Deconvolution will be demonstrated using the species richness variable that includes 100% additional measurement error variance. The decon.est
function in spsurvey
will be used to calculate a deconvoluted CDF estimate, which uses an algorithm based on the procedure developed by Stefansky and Bay (Stefansky and Bay 1996). Argument sigma for that function specifies the extraneous variance. For an actual survey design, a value for sigma would be estimated from the survey data or obtained from some other source. Since we are using simulated data, a direct estimate of sigma is available. Specifically, the variance estimation function (var
) will be used to estimate the additional variance for the species richness variable with added measurement error, and the result will be assigned to an object named extvar
.
extvar <- var(decon_data$Richness_100) - var(decon_data$Richness)
CDF_decon <- cdf.decon(z=decon_data$Richness_100,
wgt=rep(1,nr),
sigma=extvar,
x=decon_data$xcoord,
y=decon_data$ycoord,
cdfval=cdfvals)
The original CDF and deconvoluted CDF estimates for the species richness variable that includes 100% additional measurement error variance are displayed in the figure below.
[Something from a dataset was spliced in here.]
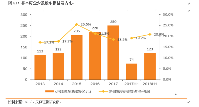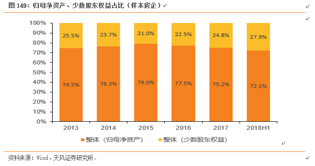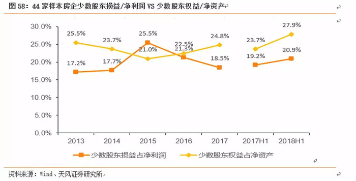 我们发现近两年少数股东权益占净资产的比例持续大于少数股东损益占净利润的比例,且两者差距有小幅扩大的趋势。2018年半年报44家样本房企少数股东权益占净资产的比例达到27.9%,而少数股东损益占净利润的比例则只有20.9%,两者差距7个百分点。这可能是近两年房企更多采用了明股实债形式进行融资的结果。

The CDF estimate and confidence bounds for the original variable are displayed in red. The deconvoluted CDF estimate and confidence bound are displayed in blue. One consequence of deconvolution is increased confidence bound width, which can be observed in the CDFs in the figure below. For example, for a species richness value of 25, the confidence bounds for the original variable are 78.7% to 84.5%, which is a width of 5.8%. For the deconvoluted CDF, the confidence bounds are 74.2% to 83.9%, which is a width of 9.7%.
op <- par(mgp=c(2.2,0.6,0), mar=c(3,3,1,0)+0.1)
plot(CDF_100$CDF$Value, CDF_100$CDF$Estimate.P, type="l", lwd=2, col="red",
xlim=c(0, 40), xaxt="n", xlab="Species Richness", ylab="Percent")
axis(side=1, at=c(0, 5, 10, 15, 20, 25, 30, 35, 40),
labels=c("0", "5", "10", "15", "20", "25", "30", "35", "40"))
confcut <- 5
pctval <- c(confcut, 100-confcut)
tvalue <- CDF_100$CDF$Estimate.P >= pctval[1] &
CDF_100$CDF$Estimate.P <= pctval[2]
x <- interp.cdf(pctval, CDF_100$CDF$Estimate.P, CDF_100$CDF$Value)
ylow <- interp.cdf(pctval, CDF_100$CDF$Estimate.P, CDF_100$CDF$LCB95Pct.P)
yhi <- interp.cdf(pctval, CDF_100$CDF$Estimate.P, CDF_100$CDF$UCB95Pct.P)
value <- c(x[1], CDF_100$CDF$Value[tvalue], x[2])
lower <- c(ylow[1], CDF_100$CDF$LCB95Pct.P[tvalue], ylow[2])
upper <- c(yhi[1], CDF_100$CDF$UCB95Pct.P[tvalue], yhi[2])
lines(value, lower, lty=3, lwd=2.5, col="red")
lines(value, upper, lty=3, lwd=2.5, col="red")
lines(CDF_decon$CDF$Value, CDF_decon$CDF$Estimate.P, lwd=2, col="blue")
tvalue <- CDF_decon$CDF$Estimate.P >= pctval[1] &
CDF_decon$CDF$Estimate.P <= pctval[2]
x <- interp.cdf(pctval, CDF_decon$CDF$Estimate.P, CDF_decon$CDF$Value)
ylow <- interp.cdf(pctval, CDF_decon$CDF$Estimate.P, CDF_decon$CDF$LCB95Pct.P)
yhi <- interp.cdf(pctval, CDF_decon$CDF$Estimate.P, CDF_decon$CDF$UCB95Pct.P)
value <- c(x[1], CDF_decon$CDF$Value[tvalue], x[2])
lower <- c(ylow[1], CDF_decon$CDF$LCB95Pct.P[tvalue], ylow[2])
upper <- c(yhi[1], CDF_decon$CDF$UCB95Pct.P[tvalue], yhi[2])
lines(value, lower, lty=3, lwd=2.5, col="blue")
lines(value, upper, lty=3, lwd=2.5, col="blue")
legend(x="bottomright", inset=0.05, legend=c("Original CDF",
"Confidence Bounds", "Deconvoluted CDF", "Confidence Bounds"),
lty=c(1,3,1,3), lwd=c(2,2.5,2,2.5), bty="o", cex=1,
col=c("red", "red", "blue", "blue"))
Original and Deconvoluted CDF Estimates for a Species Richness Variable with Added Measurement Error.
Kincaid, Thomas M., and Anthony R. Olsen. 2012. “Survey Analysis in Natural Resource Monitoring Programs with a Focus on Cumulative Distribution Functions.” In Design and Analysis of Long-Term Ecological Monitoring Studies, edited by Robert A. Gitzen, Joshua J. Millspaugh, Andrew B. Cooper, and Daniel S. Licht, 313–24. Cambridge University Press.
Scott, D. W. 1985. “Averaged Shifted Histograms: Effective Nonparametric Density Estimators in Several Dimensions.” Annals of Statistics 13: 1024–40.
Stefansky, F. A., and J. M. Bay. 1996. “Simulation Extrapolation Deconvolution of Finite Population Cumulative Distribution Function Estimators.” Biometrika 83: 407–17.